Do not trust the client’s declared MIME type. Validate by checking the file’s magic bytes (the first few bytes that identify the format):

import { fileTypeFromBuffer } from "file-type";

const ALLOWED_TYPES = new Set([
  "image/jpeg",
  "image/png",
  "image/gif",
  "image/webp",
  "application/pdf",
]);

async function validateMimeType(firstChunk: Buffer, declaredType: string): Promise<string | null> {
  // Check magic bytes
  const detected = await fileTypeFromBuffer(firstChunk);
  const actualType = detected?.mime ?? declaredType;

  if (!ALLOWED_TYPES.has(actualType)) {
    return null; // Rejected
  }

  return actualType;
}

[!NOTE] The file-type package reads the first bytes of a file to detect its actual type, regardless of the extension or declared Content-Type. Install it with npm install file-type.

The declared MIME type (image/jpeg) can be faked. The magic bytes cannot — a JPEG always starts with FF D8 FF, a PNG with 89 50 4E 47. Checking magic bytes prevents an attacker from uploading a script disguised as an image.

Filename sanitization

Never use the original filename as-is. It could contain path traversal characters (../../etc/passwd), special characters that break file systems, or be unreasonably long.
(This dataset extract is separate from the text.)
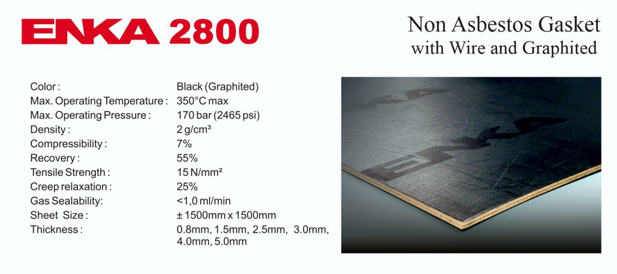 ENKA 2800 is a non asbestos gasket based on Aramid fiber and organic fiber with NBR binder and steel wire reinforced. It has excellent thermal, chemical & mechanical properties. Enka 2800 is suitable for internal combustion engines and alkalis for high stress conditions.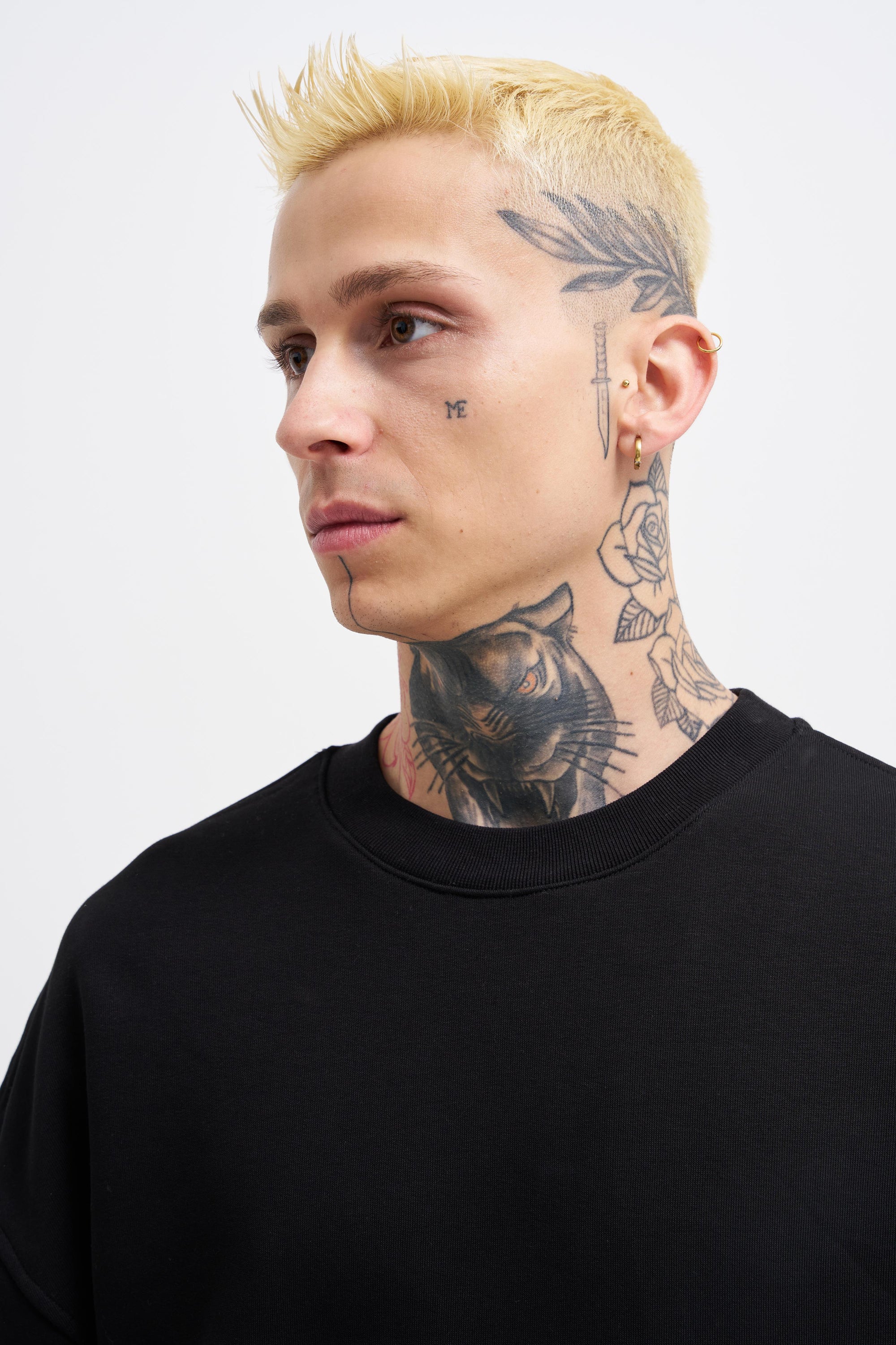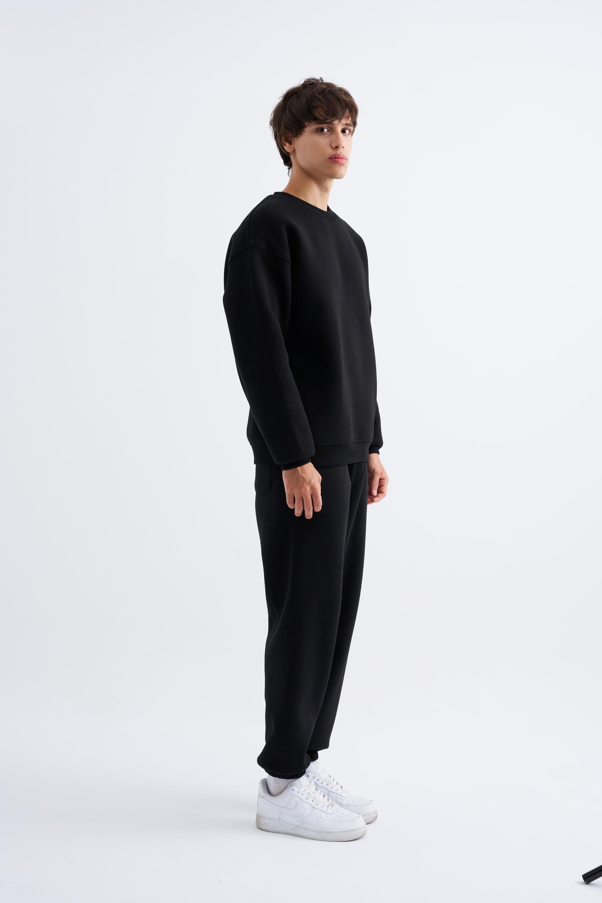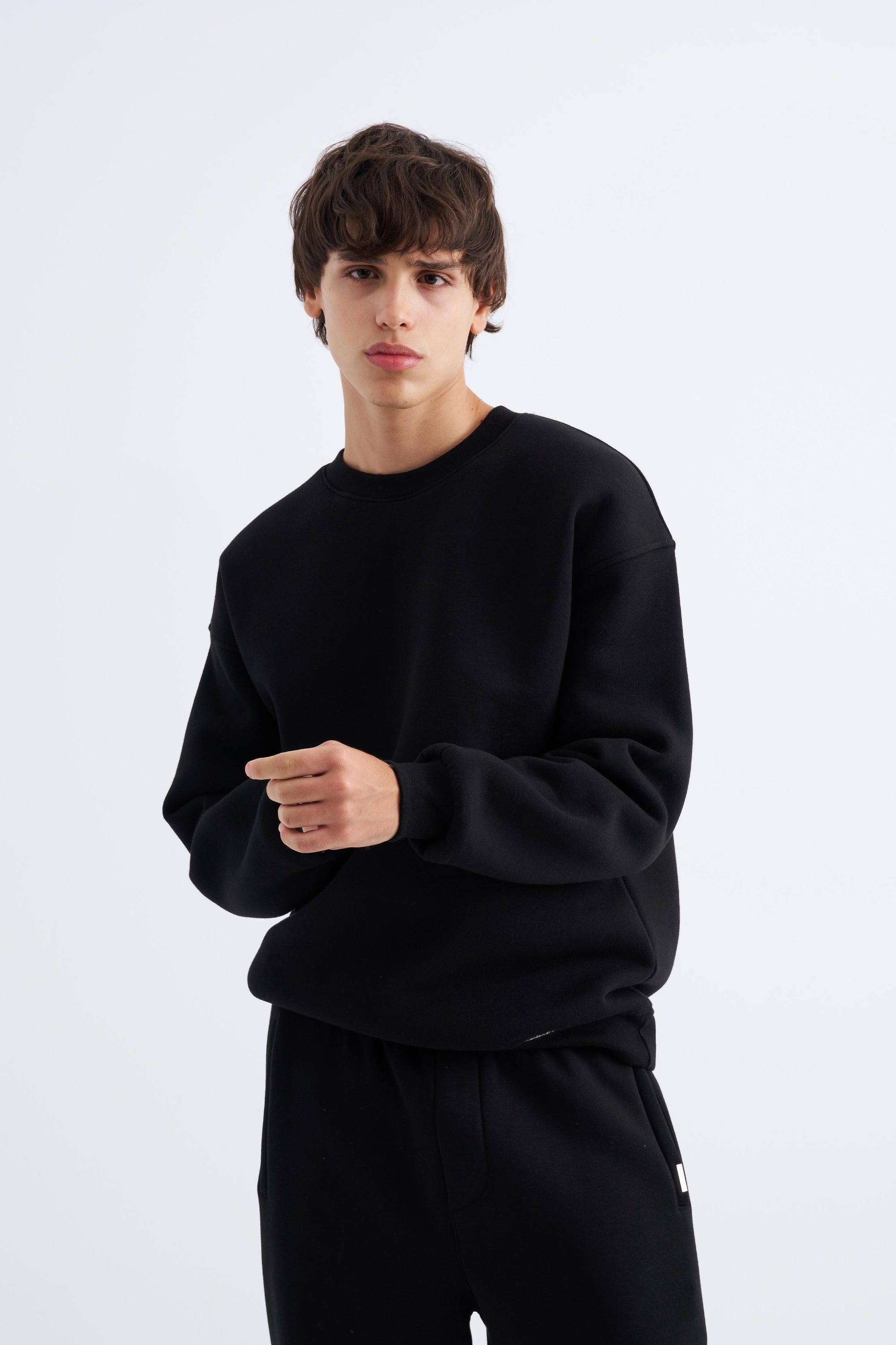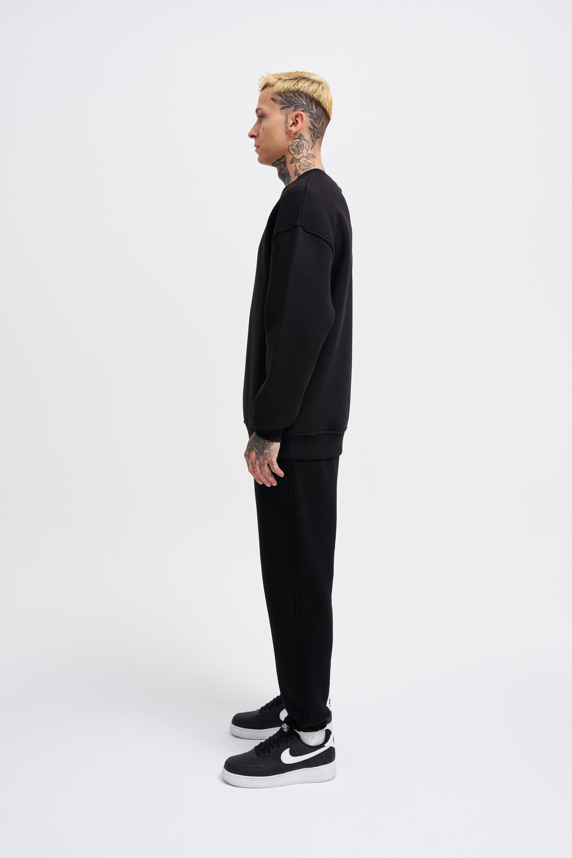 Erkek Basic Bisiklet Yaka Oversize Sweatshirt Siyah

import { extname } from "node:path";

function sanitizeFilename(original: string): string {
  // Extract extension
  const ext = extname(original).toLowerCase();

  // Generate a safe, unique name
  return `${crypto.randomUUID()}${ext}`;
}

The simplest approach: ignore the original filename entirely and generate a UUID. Store the original name in the database (for display) and use the UUID on disk.
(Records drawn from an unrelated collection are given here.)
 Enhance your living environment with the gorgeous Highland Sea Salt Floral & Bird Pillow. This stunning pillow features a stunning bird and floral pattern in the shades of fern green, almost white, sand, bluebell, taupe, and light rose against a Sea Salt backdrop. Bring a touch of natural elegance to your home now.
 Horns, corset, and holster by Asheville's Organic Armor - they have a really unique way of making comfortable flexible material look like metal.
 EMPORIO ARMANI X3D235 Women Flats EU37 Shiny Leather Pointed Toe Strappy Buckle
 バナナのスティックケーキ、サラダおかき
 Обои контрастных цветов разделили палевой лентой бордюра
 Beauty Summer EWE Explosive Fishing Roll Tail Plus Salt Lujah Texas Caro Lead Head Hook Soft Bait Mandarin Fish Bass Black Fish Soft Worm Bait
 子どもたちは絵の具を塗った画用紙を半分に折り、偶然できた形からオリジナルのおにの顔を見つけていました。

If you need to preserve the original name for some reason, strip dangerous characters:

function sanitizePreserveName(original: string): string {
  return original
    .replace(/[^a-zA-Z0-9._-]/g, "_") // Replace special chars with underscore
    .replace(/\.{2,}/g, ".") // Collapse multiple dots
    .replace(/^\./, "_") // No leading dot (hidden files)
    .slice(0, 200); // Limit length
}

Putting it together

route.post("/upload", {
  resolve: async (c) => {
    try {
      const { fields, file } = await parseMultipartWithLimits(c.request);

      if (!file) {
        return Response.json({ error: "No file uploaded" }, { status: 400 });
      }

      // Validate MIME type (check first chunk)
      const chunks: Buffer[] = [];
      for await (const chunk of file.stream) {
        chunks.push(Buffer.from(chunk));
      }
      const buffer = Buffer.concat(chunks);

      const validType = await validateMimeType(buffer, file.mimeType);
      if (!validType) {
        return Response.json(
          { error: `File type not allowed. Allowed: ${[...ALLOWED_TYPES].join(", ")}` },
          { status: 400 },
        );
      }

      // Sanitize filename
      const storedName = sanitizeFilename(file.filename);

      // Next lesson: save to disk
      return Response.json({
        originalName: file.filename,
        storedName,
        mimeType: validType,
        size: buffer.length,
      });
    } catch (err: any) {
      if (err.message?.includes("limit")) {
        return Response.json({ error: err.message }, { status: 413 });
      }
      return Response.json({ error: "Upload failed" }, { status: 500 });
    }
  },
});

Status 413 (Payload Too Large) for files that exceed the size limit.

Exercises

Exercise 1: Upload a file larger than the limit. Verify you get 413.

Exercise 2: Upload a .txt file when only images are allowed. Verify it is rejected.

Exercise 3: Upload a file named ../../etc/passwd.jpg. Verify the stored name is a UUID, not the malicious path.

Exercise 4: Rename a .txt file to .jpg and upload it. Verify the magic byte check catches the mismatch.

Why do we check magic bytes instead of trusting the declared MIME type?